After a few days, I decided to go to Senegal. The problem is that I would have to cross two complicated boundaries. The first is the Western Sahara with Mauritania, which goes through a territory called “No Man’s Land”. An area disputed by Morocco and the Sahrawi Arab Democratic Republic. The second is between Mauritania and Senegal, considered by many to be the most corrupt border in the world.

In Dakhla, I arranged the price with a man to drive me along with other passengers to Nouadhibou, which is the largest city in northern Mauritania. The trip is only 430km, but lasted thirteen hours. Not because of the poor asphalt, but because there are thirteen police barriers to the border. Thank God I brought with me ten copies of my passport. So I would show the original document and leave a copy with the officers. Because of this, I saved ten minutes or more on each of the barriers, as they did not have computers, they had to write all the data on a sheet of paper.

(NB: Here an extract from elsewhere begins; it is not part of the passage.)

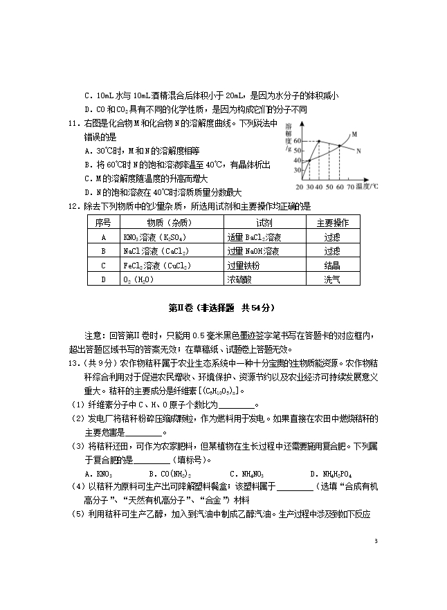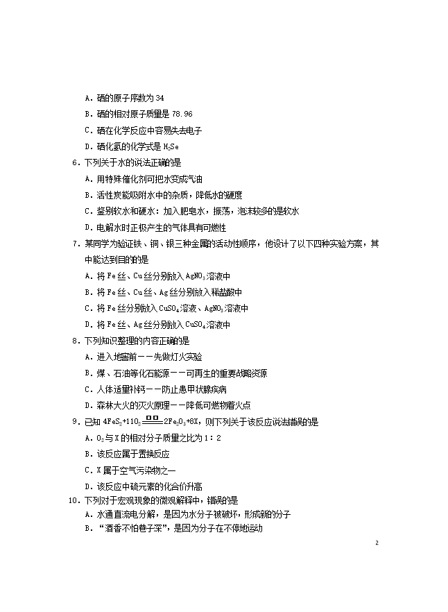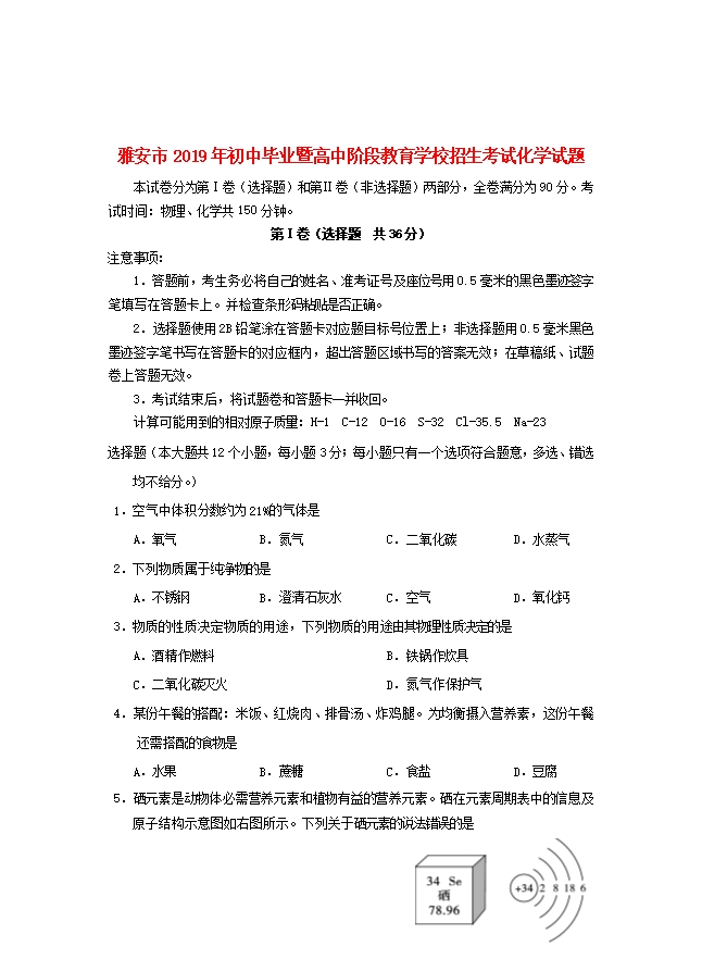 2019年四川省雅安市中考化学真题试题(word版含答案)

In No Man’s Land, between Western Sahara and Mauritania

From the moment we left Dakhla until we reached the border, we didn’t see anybody other than the police. The region is one of the least populated countries in the world by population density. When we crossed the border, we entered an area called “No Man’s Land”. As the name says, this region of a few kilometers in length does not belong to any country and is completely abandoned. It was one of the dirtiest places I’ve ever seen in my life, and it has a large graveyard of cars for many reasons, whether it got bogged down, got stuck on the road or smuggled. As there is no road to cross it, we didn’t drive straight so we didn’t get bogged down in the sand like the other cars. I was a bit scared to be in this place without laws, but thank God again nothing bad happened to me.

When we arrived in Mauritania, we were fortunate to pass right in front of us the largest train in the world, which is used to transport iron from the mines. At night, as I entered the city of Nouadhibou, tired from the journey of spending the whole day in a very old car, with no air conditioning under the sun of the Sahara desert, I went straight to my hotel (very, very simple ) And I slept straight away.

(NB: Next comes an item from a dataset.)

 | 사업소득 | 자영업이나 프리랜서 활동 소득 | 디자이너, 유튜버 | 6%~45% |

Abandoned cars in No Man’s Land

After visiting Nouadhibou and the capital Nouakchott, I decided to go to Dakar, which is the capital of Senegal. They are only 550km away, but the trip took all day again because of the police barriers and the delay in crossing another border.

Leave Mauritania, from the town of Rosso was fine, the problem was getting into Senegal, which was the most complicated border I’ve ever been in my life. The place looked like an anthill. A lot of queues and people running all over the place. What helped me a lot in the crossing, was that I speak French and that I made friends previously with a person who has influence with the policemen who work in the place.

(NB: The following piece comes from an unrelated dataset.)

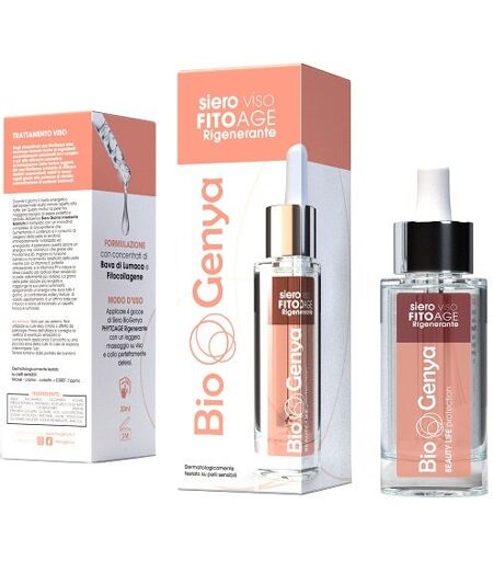 Siero Viso Fitoage Rigenerante Il siero BioGenya Fitoage Rigenerante rimodella i contorni del viso rinforzando il tessuto connettivo. La formula con Liposomi concentrati di Bava di Lumaca stimola la produzione di elastina endogena avviando un processo di turnover cellulare. Completa l'azione antiage lo speciale Fitocollagene, complesso di origine vegetale, che volumizza e riempie le rughe rendendole meno visibili. Il risultato è una pelle levigata e rimpolpata. Modalità d'uso Applicare 4 gocce con un leggero massaggio su viso e collo perfettamente detersi. Formato 30ml. ...

Biggest train in the world in Mauritania

 

I have already visited 17 African countries, and almost all officers have asked for bribe when I am traveling overland. This border was no different. The corrupt cop would not let me pass if I did not pay, especially since I was a tourist. I was angry. The officer held my passport for a few minutes and said to me, if you don’t pay, you will not enter. Then I said if I pay I want the receipt, and I also said that I am a journalist, if he was sure he would continue with this attitude. After these words, the police handed me the passport, but with an angry look.

After I crossed the border, I got into another car that took me to Dakar. As usual, I made friends with someone who was in the same car and ended up spending the night in this person’s house. This was just the beginning of my journey in West Africa.